Table of Content

<<<<<<< HEAD

Tip

Would you like to participate in the 4th Workshop on 3W?

Register at https://forms.gle/cmLa2u4VaXd1T7qp8

We will hold this workshop on the 3W between October 20 and 23, 2025. Always from 09:00 to 12:00 (GMT-3 - Brasília time).
This workshop will be 100% online, free of charge, and aimed at those interested in exploring, using and/or contributing to the 3W Project.
Short courses will be offered and works developed with the 3W Project resources by different authors around the world will be presented.

Table of Content

Introduction

This is the first repository published by Petrobras on GitHub. It supports the 3W Project, which aims to promote experimentation and development of Machine Learning-based approaches and algorithms for specific problems related to detection and classification of undesirable events that occur in offshore oil wells.

The 3W Project is based on the 3W Dataset, a database described in this paper, and on the 3W Toolkit, a software package that promotes experimentation with the 3W Dataset for specific problems. The name 3W was chosen because this dataset is composed of instances from 3 different sources and which contain undesirable events that occur in oil Wells.

Motivation

Timely detection of undesirable events in oil wells can help prevent production losses, reduce maintenance costs, environmental accidents, and human casualties. Losses related to this type of events can reach 5% of production in certain scenarios, especially in areas such as Flow Assurance and Artificial Lifting Methods. In terms of maintenance, the cost of a maritime probe, required to perform various types of operations, can exceed US $500,000 per day.
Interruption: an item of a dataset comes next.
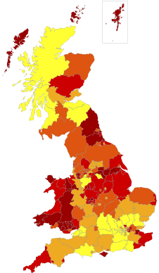 As with most rules, there is an exception. That being the City of London - I can only hypothesize that the sheer population density and constant in flux of immigrants (send them back!) means that the radioactive effect is spread around more with a few concentrations causing "orange" hotspots.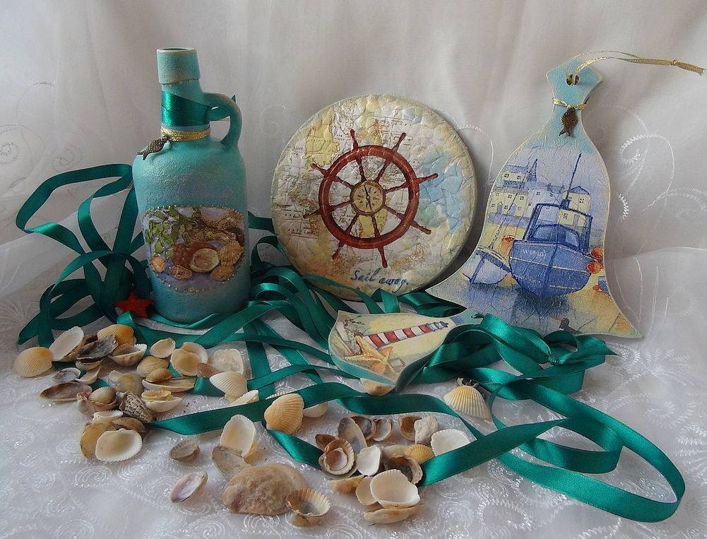 в качестве аксессуаров, как правило, используются натуральные раковины, мелкие камушки, канаты, плетеные корзины и т.п.

Creating a dataset and making it public to be openly experienced can greatly foment the development of tools that can:

Improve the process of identifying undesirable events in the drilling, completion and production phases of offshore wells;
Increase the efficiency of monitoring the integrity of wells and subsea systems, whose related problems can generate invaluable losses for people, environment, and company's image.

Strategy

The 3W is the first pilot of a Petrobras' program called Conexões para Inovação - Módulo Open Lab. This pilot is an open project composed by two major resources:

The 3W Dataset, which will be evolved and supplemented with more instances from time to time;
The 3W Toolkit, which will also be evolved (in many ways) to cover an increasing number of undesirable events during its development.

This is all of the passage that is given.